*** PROVIDED DATA Section Begins ***

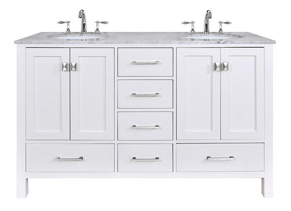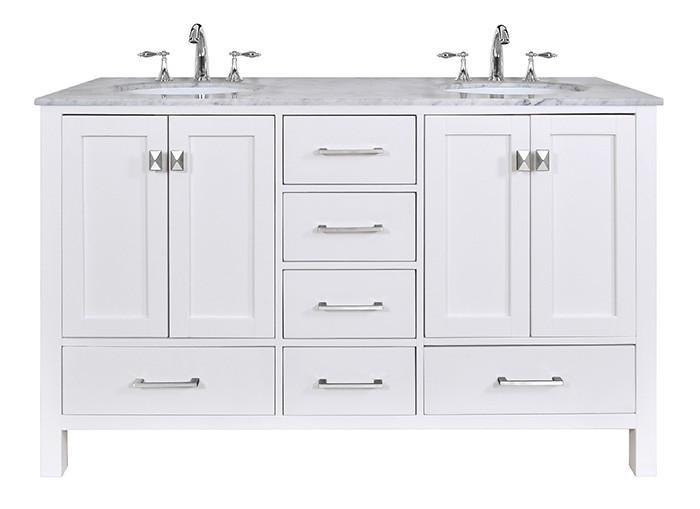 Stufurhome 60 inch Malibu Pure White Double Sink Bathroom Vanity
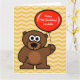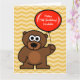 Grande cartão de aniversário extra grande para crianças, personalizado com nome. Cartoon de ursinho de pelúcia bonito segurando um balão vermelho Cartão de aniversário para crianças. Desejos personalizáveis e cor de fundo. Um exemplo engraçado de urso com cartão de saudação XL gigante. Mande um para sua filha, filho, neto, neta, netos etc. Belo plano de fundo da faixa de zague em ziguezague.
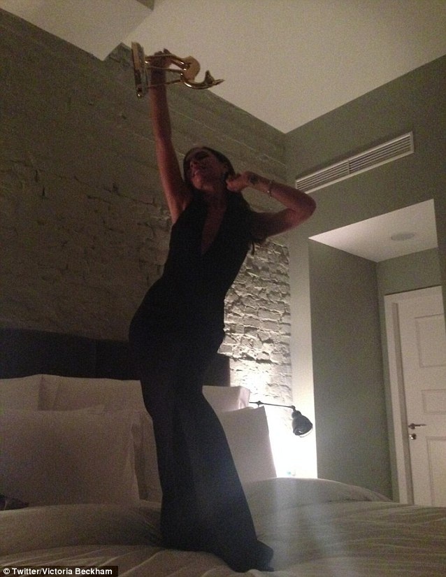 Nghịch ngợm tạo dáng với cúp vàng trên giường khách sạn. Thật không thể ngờ bà Becks cũng có những khoảnh khắc xuất thần như thế này.

*** PROVIDED DATA Section Ends ***

PROBLEM: The output should hold only the lines from the one containing "Grande cartão de" through the last line of the listing, reproduced exactly, pictures omitted.

OUTPUT:
 Grande cartão de aniversário extra grande para crianças, personalizado com nome. Cartoon de ursinho de pelúcia bonito segurando um balão vermelho Cartão de aniversário para crianças. Desejos personalizáveis e cor de fundo. Um exemplo engraçado de urso com cartão de saudação XL gigante. Mande um para sua filha, filho, neto, neta, netos etc. Belo plano de fundo da faixa de zague em ziguezague.
 Nghịch ngợm tạo dáng với cúp vàng trên giường khách sạn. Thật không thể ngờ bà Becks cũng có những khoảnh khắc xuất thần như thế này.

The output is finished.